In the midst of writing my cranky letter it occured to me that, as a member of the dreaded mainstream media, I should broadcast my reaction to my dozens of loyal readers.  So, here it is.  The media doesn't have an "anti-Israel" bias.  It has a "cover Israel" bias.  If Hamas or Hezbollah killed 61 Israeli children in an orphanage the result would be wall-to-wall coverage for days casting the attack, correctly, as a major atrocity.  You don't need to run an off-the-wall thought experiment to figure that out; just think back to how the American media covered Hamas' suicide bombing campaign against Israeli civilians a few years ago.

As for Sri Lanka, it's a painful fact that Americans don't care about places that can't be plausibly linked to vital American interests.  They don't care about places they can't relate to, or about places where there's an expectation (deserved or not) that lots of people will die as a matter of course.  So genocide in Europe causes an outcry (eventually) but genocide in Rwanda earns a shrug—Africa is one of those places where people are just supposed to die horribly.  That's why you can't get anyone to care about the war in Congo that's wrecked central Africa and killed millions of people.  Is insufficient coverage of that bloodbath also an indication that the mainstream media has it in for Israel?

This doesn't even have anything to do with the dreaded MSM's dreaded lack of urgency in covering the war on terror.  When about 200 people died in al Qaeda's attack on Madrid's commuter trains it was a huge story.  It was a huge story when more than fifty people were killed in the London bus and tube bombings.  A month ago more than 200 people died when terrorists attacked Bombay's commuter trains.  Not such a huge story for Americans—and why not?  Part of it is that Iraq is a big story, so attacks on countries that have troops in Iraq matter to Americans.  India may have a problem with Islamic terrorism, but that problem has little to do with America's terrorism problem except at the level of rhetoric and (very) grand strategy.
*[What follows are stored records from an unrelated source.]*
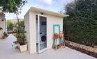 En el exterior se encuentra una caseta independiente en uso como lavandería, equipada con un aseo adicional. El terreno alberga también un antiguo depósito de agua que puede reformarse y un depósito en funcionamiento de 13.000 litros que abastece a la vivienda. La propiedad dispone de electricidad generada por placas solares con sistema de baterías de hasta 5 kW y cuenta además con un generador de gas de apoyo. La fosa séptica es completamente nueva y permite reciclar agua para el riego.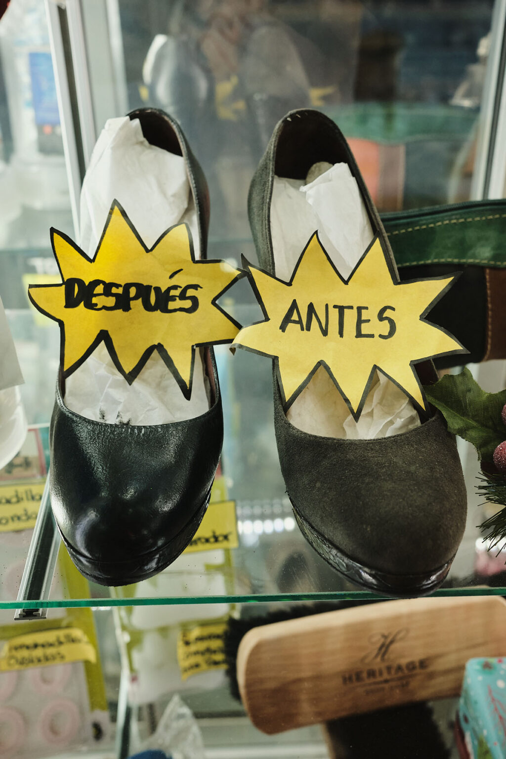 Totalmente. Todo lo que es suelas, plantas, tapillas, parches, plantillas, teñidos, hormas… eso se mantiene por tradición. Detrás de nosotros hay maestros zapateros y marroquineros, gente muy experta. Nosotras también hacemos muchas cosas, no somos solo vendedoras. Todas participamos del trabajo. Detrás de este delantal hay grandes mujeres.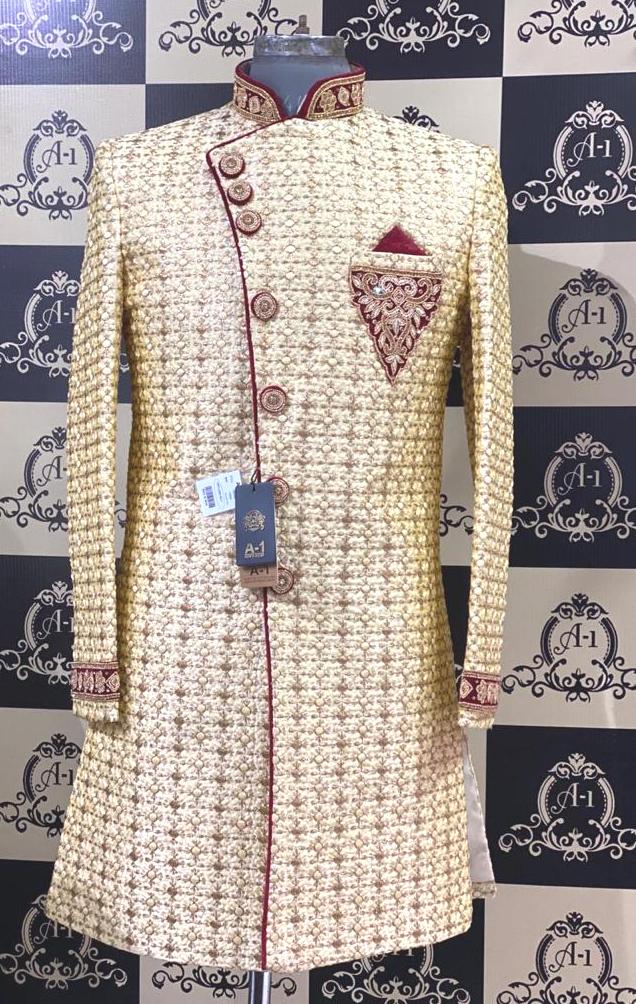 GOLDEN LIGHT MAROON SHERWANI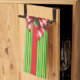 Un arrière - plan rayé vert et or, des bandes rouge vif, et un bel arc rouge et blanc avec des sprigs à feuillage persistant habille cette serviette de cuisine comme un cadeau de Noël. Cute, fun, festif, parfait pour votre maison de vacances !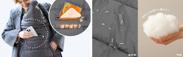 背面には、スマートフォンや小物を入れられるファスナー付きポケット(ハグポケ)を搭載。カイロを入れておけば、あたたかさもアップ。さらに、ママの手を温めるあったかポケットも裏地はポーラーフリースで、冷えがちな手先を優しく包みます。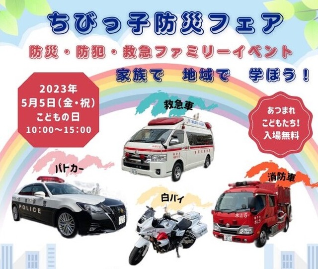 名称;「ちびっ子 防災フェア」 日時;2023年5月5日(金・祝)10:00~15:00 ※雨天決行 場所;ポートアイランド市民広場 (神戸市中央区港島中町6丁目9番地2) 内容;緊急車両(消防車・救急車など)展示/子供用警察制服・消防服を着て写真撮影/水消火器体験/煙体験/AED体験/ 交通安全教室/消防レスキュー隊 ロープ降下(13:30~)/消防音楽隊による演奏(14:30~)ほか ※状況によりイベント内容が変更になる場合があります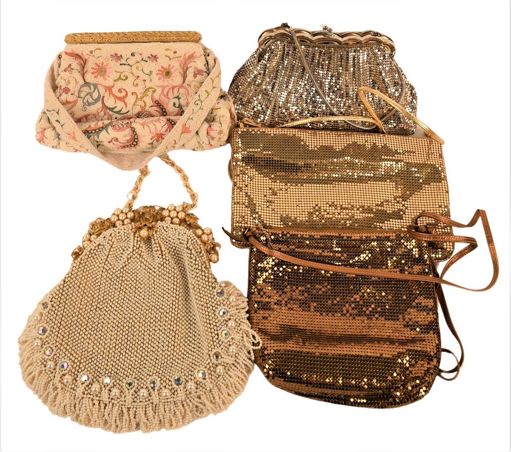Whiting & Davis and Vintage Beaded Bags, to include white beaded bag by Josef, pearl bag by Jacomo, and three Whiting & Davis mesh bags, all in good condition.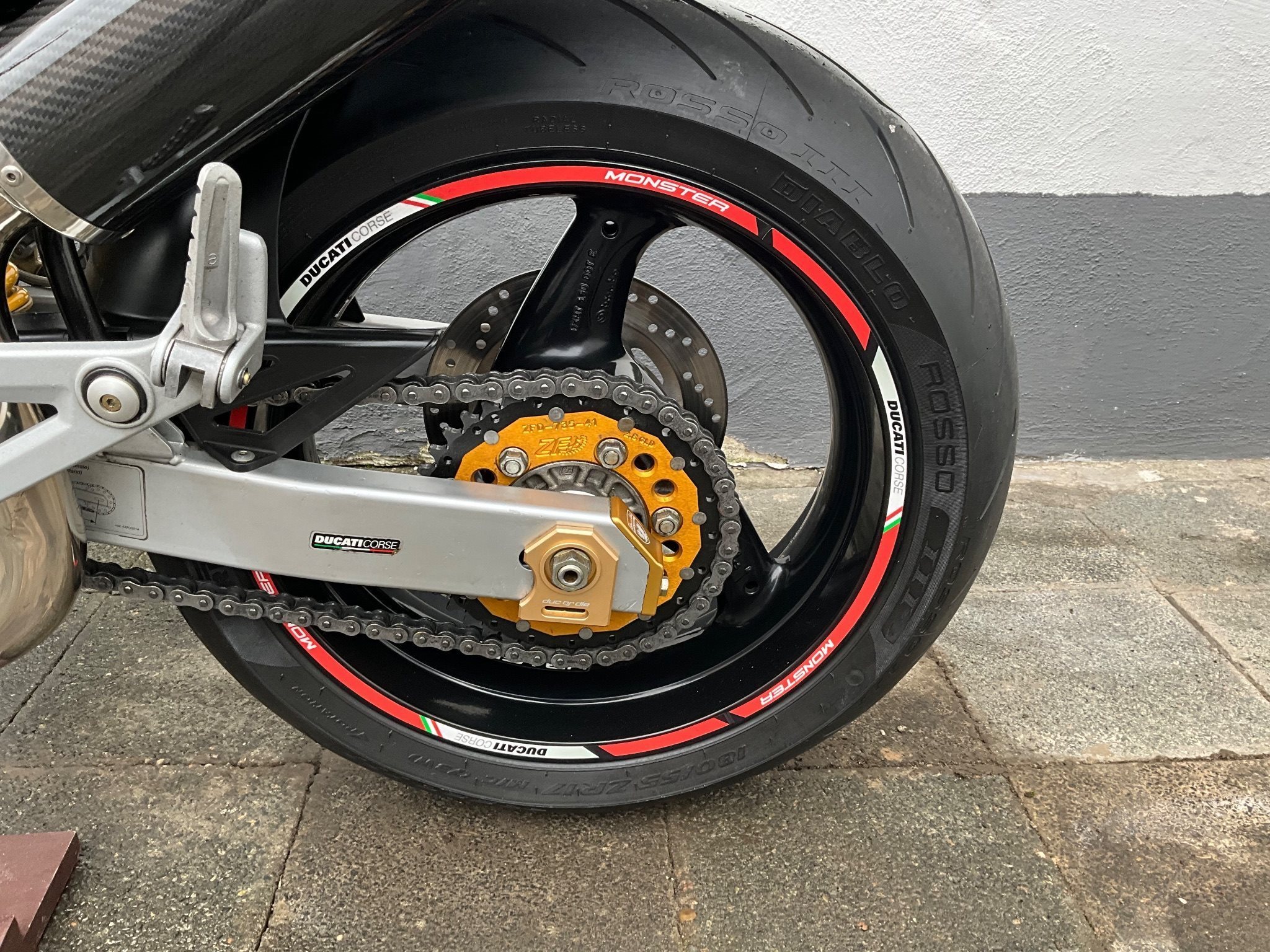 Technik/Zubehör: Spark-Carbon-HighUP Auspuff, Lithium-Ionen-Batterie, Rizoma Druckplatte, Kupplungsdruckzylinder (gold)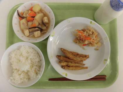 献立 ごはん わかさぎのカレー揚げ もやしいりはりはり漬け 凍り豆腐の炒め煮 牛乳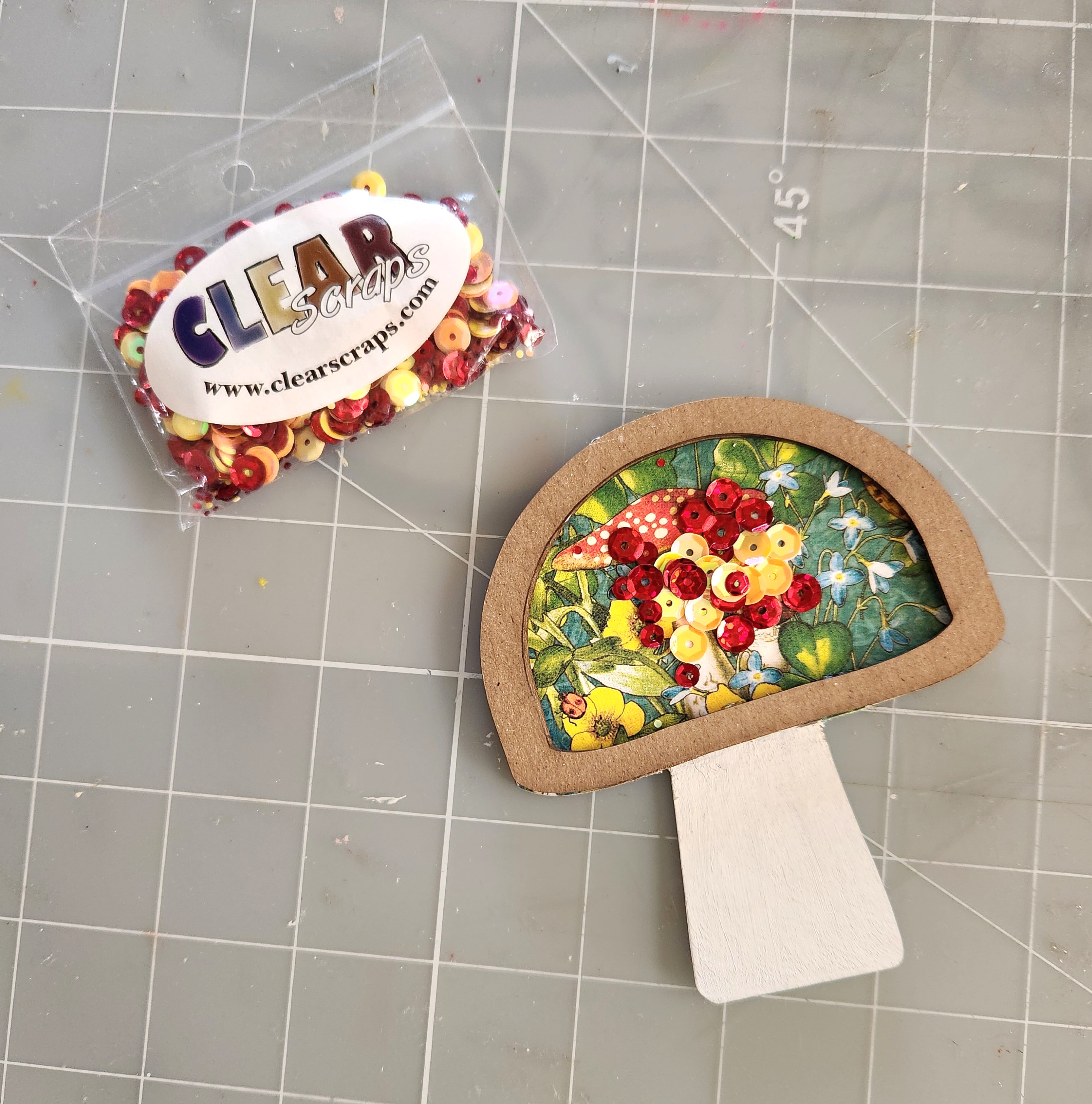 Take your next 2 bottom chipboard shaker pieces and glue in place on top of your bottom piece. Fill your shaker with glitter, beads, sequins (I used Clear Scraps Summer sequins) Click here
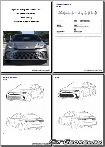 Руководство для фирменных СТО по ремонту повреждений кузова, полученных при столкновении для Toyota Camry Hybrid (AXVH80 AXVH85) 2025-2031 (Collision Repair Manual) 341 страниц на английском языке. Данный сборник содержит огромное количество исключительно полезной и необходимой информации для занимающихся кузовным ремонтом самостоятельно и владельцев фирм по кузовному ремонту автомобилей Тойота Камри гибрид девятого поколения.

And an American can walk around Madrid and certainly London and feel somewhat at home in the culture and among the people.  When you see pictures of Madrid or London they obviously look like foreign cities, but in a lot of very important ways they look like American cities, too.  It's hard for most Americans to relate to what life might be like in Bombay, so the destruction of life in Bombay doesn't register.  In a slightly different form it's the same dismissive attitude that allows some people to downplay civilian casualties in Iraq by pointing out that lots of civilians died in Iraq in the 1980s and 1990s.  Hey, dying horribly is just something these folks do—nothing to worry about, really, except as it impacts American interests in the Middle East.

I don't think there's much to be done about this.  People care about things they relate to, and no amount of high-minded devotion to foreign coverage will make Americans care about Sri Lanka.  And what if Americans did care deeply about Sri Lanka?  Would that lead to American involvment in Sri Lanka as extensive as American involvement in the Israeli-Arab conflict?  Would the result be peace and prosperity in Sri Lanka, as American involvement in the Israeli-Arab conflict has brought peace and prosperity to Israel and its neighbors?

I think Sullivan is thinking in this post about the way the media covered civilian deaths in Israel and civilian deaths in Lebanon.  Civilian deaths in Lebanon got a lot more coverage even though Hezbollah was deliberately targeting Israeli civilians.  But the disparity in sheer numbers is staggering—I think dead Lebanese civilians out-number dead Israeli civilians by ten or twenty times.  If the cease-fire holds neither side will have accomplished much (though Hezbollah will have won a signficant victory in terms of morale and propaganda).  So the dead are the only monument to the war.  The dead are the only true monument to any war.  Sullivan's been eloquent lately, in another context, about the tragedy of starting a war that leads to large-scale suffering—even if the war was justified, and even if the suffering was not part of the plan.  He could, I think, profitably apply that mindset to Israel and Lebanon.